INSTRUCTIONS TO FOLLOW: Leave out the pictures and retype, exactly, the lines below from the line with "El edil ha anunciado" up to and including the line with "voyage is reopened.", nothing more.

SUPPLIED DATA:
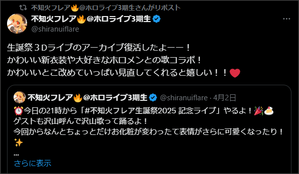 — ホロライブプロダクション【公式】 (@hololivetv) April 16, 2025
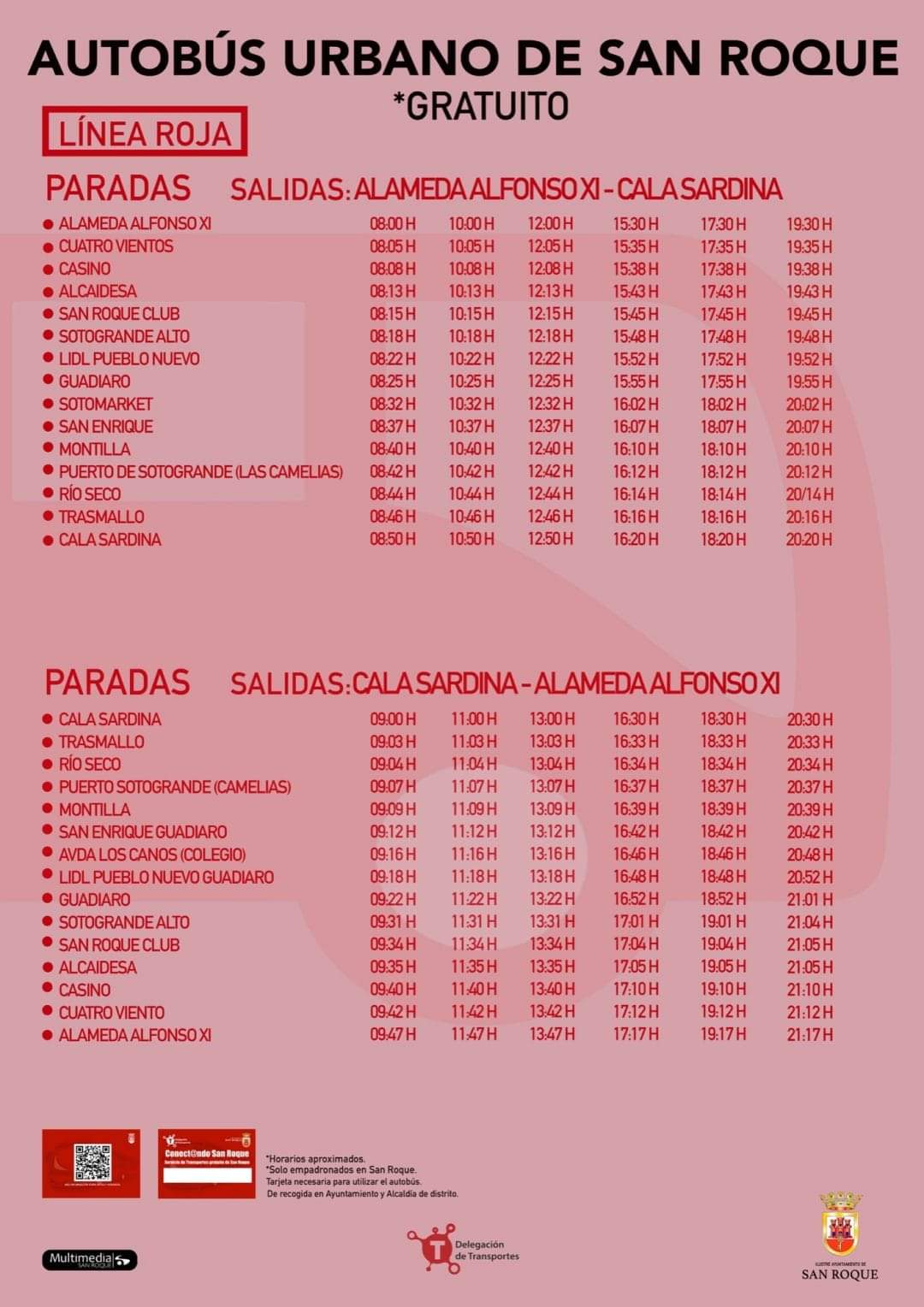 El edil ha anunciado que tanto la salida a las 15:30 horas de la Alameda Alfonso XI, como la vuelta a las 20:30 horas desde Torreguadiaro tendrá doble línea de autobús, es decir, serán dos los autobuses que la cubran, para duplicar la capacidad de usuarios.
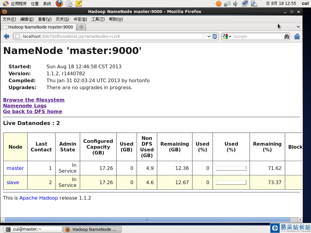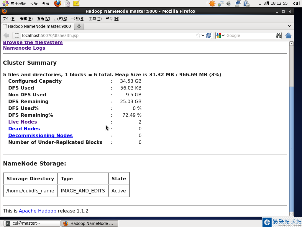 以上看到LiveNodes的個(gè)數(shù)為2,說明啟動(dòng)成功。
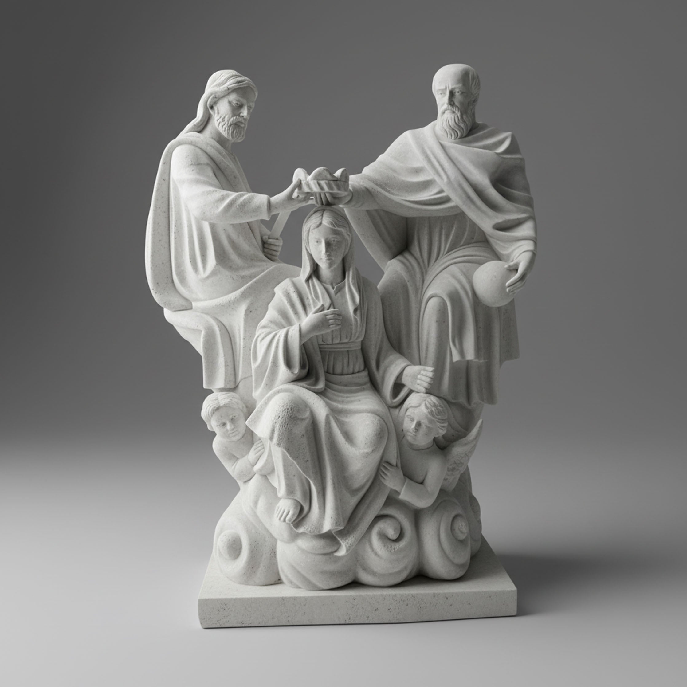This large marble sculpture features a complex, multi-figure build depicting the Coronation of the Virgin Mary by the Holy Trinity. Hand-carved from pristine white marble, the sculpture has a wide, sturdy base that transitions into a cloud-like foundation. An eccentric feature is the inclusion of two winged cherubs at the base, looking upward with detailed, youthful expressions. The figures of Christ and God the Father flank Mary, creating a balanced, tiered silhouette. The stone is finished to a soft, silky texture, highlighting the intricate crown and the delicate flowing robes of the heavenly assembly.
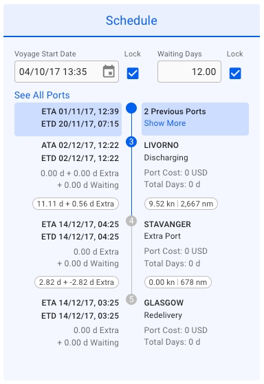 "Show More" is a link that allows you to add up to 5 additional Port Calls per click on the current Voyage's schedule. These added Port Calls will remain visible throughout the system unless the voyage is reopened.
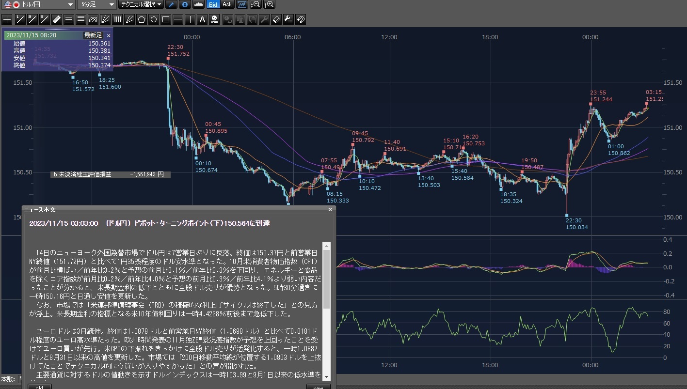 2023/11/16 - じょーじわしんとんさんの株式ブログ。タイトル:「今年一番のやらかし」 本文:昨日のCPIのこと忘れてすっかり寝てたけど起きたらビックリ150万のマイナスwそのままふて寝して更にマイナスが膨らんで200万今現在また戻って150万ドル円はなんとかなるけどユーロド
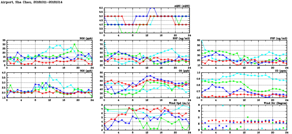| Air Quality Data Time Series in Airport, Sha Chau (2018/10/14) | ( Line colors: Day -3 Day -2 Day -1 Current day ) | 2D Map Current AQHI |

TASK OUTPUT:
 El edil ha anunciado que tanto la salida a las 15:30 horas de la Alameda Alfonso XI, como la vuelta a las 20:30 horas desde Torreguadiaro tendrá doble línea de autobús, es decir, serán dos los autobuses que la cubran, para duplicar la capacidad de usuarios.
 以上看到LiveNodes的個(gè)數(shù)為2,說明啟動(dòng)成功。
This large marble sculpture features a complex, multi-figure build depicting the Coronation of the Virgin Mary by the Holy Trinity. Hand-carved from pristine white marble, the sculpture has a wide, sturdy base that transitions into a cloud-like foundation. An eccentric feature is the inclusion of two winged cherubs at the base, looking upward with detailed, youthful expressions. The figures of Christ and God the Father flank Mary, creating a balanced, tiered silhouette. The stone is finished to a soft, silky texture, highlighting the intricate crown and the delicate flowing robes of the heavenly assembly.
 "Show More" is a link that allows you to add up to 5 additional Port Calls per click on the current Voyage's schedule. These added Port Calls will remain visible throughout the system unless the voyage is reopened.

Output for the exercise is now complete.